## Assigned task
The required output is every line from the beginning of the entries below through the line that includes "A geometrical abstract", copied exactly.

## Task inputs
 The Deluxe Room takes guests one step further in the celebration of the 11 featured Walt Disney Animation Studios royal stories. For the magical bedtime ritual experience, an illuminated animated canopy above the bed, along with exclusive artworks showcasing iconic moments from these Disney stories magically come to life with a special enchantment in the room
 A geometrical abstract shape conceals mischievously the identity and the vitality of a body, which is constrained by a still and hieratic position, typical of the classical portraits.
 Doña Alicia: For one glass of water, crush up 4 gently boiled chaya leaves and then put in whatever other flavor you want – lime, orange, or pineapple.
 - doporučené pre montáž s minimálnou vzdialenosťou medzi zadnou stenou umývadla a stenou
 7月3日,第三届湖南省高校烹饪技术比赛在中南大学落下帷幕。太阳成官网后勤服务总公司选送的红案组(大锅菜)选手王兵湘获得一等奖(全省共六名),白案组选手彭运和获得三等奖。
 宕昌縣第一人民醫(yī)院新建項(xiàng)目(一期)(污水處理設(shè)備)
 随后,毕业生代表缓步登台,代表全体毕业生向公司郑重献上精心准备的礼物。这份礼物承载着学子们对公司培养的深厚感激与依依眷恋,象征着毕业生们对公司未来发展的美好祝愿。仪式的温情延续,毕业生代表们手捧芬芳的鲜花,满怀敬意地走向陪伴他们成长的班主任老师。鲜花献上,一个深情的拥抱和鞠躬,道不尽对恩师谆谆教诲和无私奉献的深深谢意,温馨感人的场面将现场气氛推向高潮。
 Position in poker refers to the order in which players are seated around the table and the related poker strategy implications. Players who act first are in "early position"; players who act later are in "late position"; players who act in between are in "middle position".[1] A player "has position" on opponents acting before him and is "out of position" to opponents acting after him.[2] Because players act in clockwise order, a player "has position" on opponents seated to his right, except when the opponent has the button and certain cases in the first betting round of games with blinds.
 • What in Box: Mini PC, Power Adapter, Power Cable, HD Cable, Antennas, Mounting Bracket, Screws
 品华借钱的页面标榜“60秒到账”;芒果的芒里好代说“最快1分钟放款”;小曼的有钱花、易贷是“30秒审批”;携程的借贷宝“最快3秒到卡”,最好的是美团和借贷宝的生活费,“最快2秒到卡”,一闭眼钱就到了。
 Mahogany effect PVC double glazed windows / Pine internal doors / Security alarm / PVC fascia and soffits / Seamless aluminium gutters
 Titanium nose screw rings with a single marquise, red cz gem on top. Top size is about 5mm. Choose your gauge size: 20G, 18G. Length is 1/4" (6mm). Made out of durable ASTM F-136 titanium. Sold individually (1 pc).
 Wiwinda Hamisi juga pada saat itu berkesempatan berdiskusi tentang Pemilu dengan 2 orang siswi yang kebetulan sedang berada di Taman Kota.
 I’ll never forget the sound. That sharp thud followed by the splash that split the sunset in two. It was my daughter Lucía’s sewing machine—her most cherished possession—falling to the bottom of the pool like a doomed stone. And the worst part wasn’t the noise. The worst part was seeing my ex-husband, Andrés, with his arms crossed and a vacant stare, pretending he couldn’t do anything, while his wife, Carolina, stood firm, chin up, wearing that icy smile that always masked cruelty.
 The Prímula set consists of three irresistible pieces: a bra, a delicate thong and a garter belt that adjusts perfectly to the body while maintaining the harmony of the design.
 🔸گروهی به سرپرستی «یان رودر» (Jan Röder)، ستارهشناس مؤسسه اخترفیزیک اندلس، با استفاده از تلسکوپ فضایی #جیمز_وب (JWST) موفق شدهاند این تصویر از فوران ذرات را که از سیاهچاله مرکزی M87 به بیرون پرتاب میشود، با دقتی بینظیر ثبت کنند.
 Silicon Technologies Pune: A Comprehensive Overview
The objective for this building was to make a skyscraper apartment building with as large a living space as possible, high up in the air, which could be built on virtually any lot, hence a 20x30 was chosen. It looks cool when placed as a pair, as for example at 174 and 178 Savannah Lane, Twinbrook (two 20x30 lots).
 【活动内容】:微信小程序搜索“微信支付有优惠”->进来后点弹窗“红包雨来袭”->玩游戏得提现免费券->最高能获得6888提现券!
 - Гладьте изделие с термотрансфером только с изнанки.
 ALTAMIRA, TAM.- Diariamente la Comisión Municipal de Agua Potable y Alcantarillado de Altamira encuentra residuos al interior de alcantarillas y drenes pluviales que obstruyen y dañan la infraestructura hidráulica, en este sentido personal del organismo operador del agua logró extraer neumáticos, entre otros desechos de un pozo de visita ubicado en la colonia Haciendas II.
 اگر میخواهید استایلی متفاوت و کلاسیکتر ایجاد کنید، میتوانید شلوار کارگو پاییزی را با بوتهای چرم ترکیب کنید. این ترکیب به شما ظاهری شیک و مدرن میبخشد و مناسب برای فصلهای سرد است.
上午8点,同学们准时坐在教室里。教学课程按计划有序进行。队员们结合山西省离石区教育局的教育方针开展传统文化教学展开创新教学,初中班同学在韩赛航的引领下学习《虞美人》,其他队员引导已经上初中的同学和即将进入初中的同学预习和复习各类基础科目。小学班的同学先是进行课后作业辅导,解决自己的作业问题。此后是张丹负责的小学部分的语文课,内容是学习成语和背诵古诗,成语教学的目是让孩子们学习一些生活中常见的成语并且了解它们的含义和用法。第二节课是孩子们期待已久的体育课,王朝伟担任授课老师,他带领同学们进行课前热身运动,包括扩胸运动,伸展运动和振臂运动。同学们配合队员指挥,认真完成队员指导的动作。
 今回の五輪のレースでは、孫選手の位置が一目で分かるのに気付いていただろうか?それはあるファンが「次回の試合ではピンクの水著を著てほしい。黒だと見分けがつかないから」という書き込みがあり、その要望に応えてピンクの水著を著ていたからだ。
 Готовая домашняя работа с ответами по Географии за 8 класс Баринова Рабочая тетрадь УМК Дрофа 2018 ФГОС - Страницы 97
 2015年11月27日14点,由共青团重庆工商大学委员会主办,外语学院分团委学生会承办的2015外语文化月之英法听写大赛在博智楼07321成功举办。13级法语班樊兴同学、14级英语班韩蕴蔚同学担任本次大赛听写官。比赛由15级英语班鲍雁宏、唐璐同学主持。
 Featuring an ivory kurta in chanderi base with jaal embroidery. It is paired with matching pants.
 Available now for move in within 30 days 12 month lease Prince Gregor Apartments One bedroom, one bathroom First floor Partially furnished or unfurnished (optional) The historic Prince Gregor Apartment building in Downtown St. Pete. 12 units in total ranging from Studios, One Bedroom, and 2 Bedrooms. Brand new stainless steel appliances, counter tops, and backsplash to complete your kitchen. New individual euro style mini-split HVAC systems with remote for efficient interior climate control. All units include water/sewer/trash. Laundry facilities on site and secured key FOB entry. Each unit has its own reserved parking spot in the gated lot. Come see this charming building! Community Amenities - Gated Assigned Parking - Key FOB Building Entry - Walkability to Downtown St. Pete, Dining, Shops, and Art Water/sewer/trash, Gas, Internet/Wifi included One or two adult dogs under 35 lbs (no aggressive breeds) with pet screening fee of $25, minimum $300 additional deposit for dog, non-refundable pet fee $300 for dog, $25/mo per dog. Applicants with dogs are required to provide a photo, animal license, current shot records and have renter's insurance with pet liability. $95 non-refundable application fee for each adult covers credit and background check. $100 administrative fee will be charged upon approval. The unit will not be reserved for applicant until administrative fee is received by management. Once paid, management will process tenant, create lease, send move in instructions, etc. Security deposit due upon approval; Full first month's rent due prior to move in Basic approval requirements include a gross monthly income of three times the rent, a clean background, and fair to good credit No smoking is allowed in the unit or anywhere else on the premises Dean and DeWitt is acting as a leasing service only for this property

## Result of the exercise
 The Deluxe Room takes guests one step further in the celebration of the 11 featured Walt Disney Animation Studios royal stories. For the magical bedtime ritual experience, an illuminated animated canopy above the bed, along with exclusive artworks showcasing iconic moments from these Disney stories magically come to life with a special enchantment in the room
 A geometrical abstract shape conceals mischievously the identity and the vitality of a body, which is constrained by a still and hieratic position, typical of the classical portraits.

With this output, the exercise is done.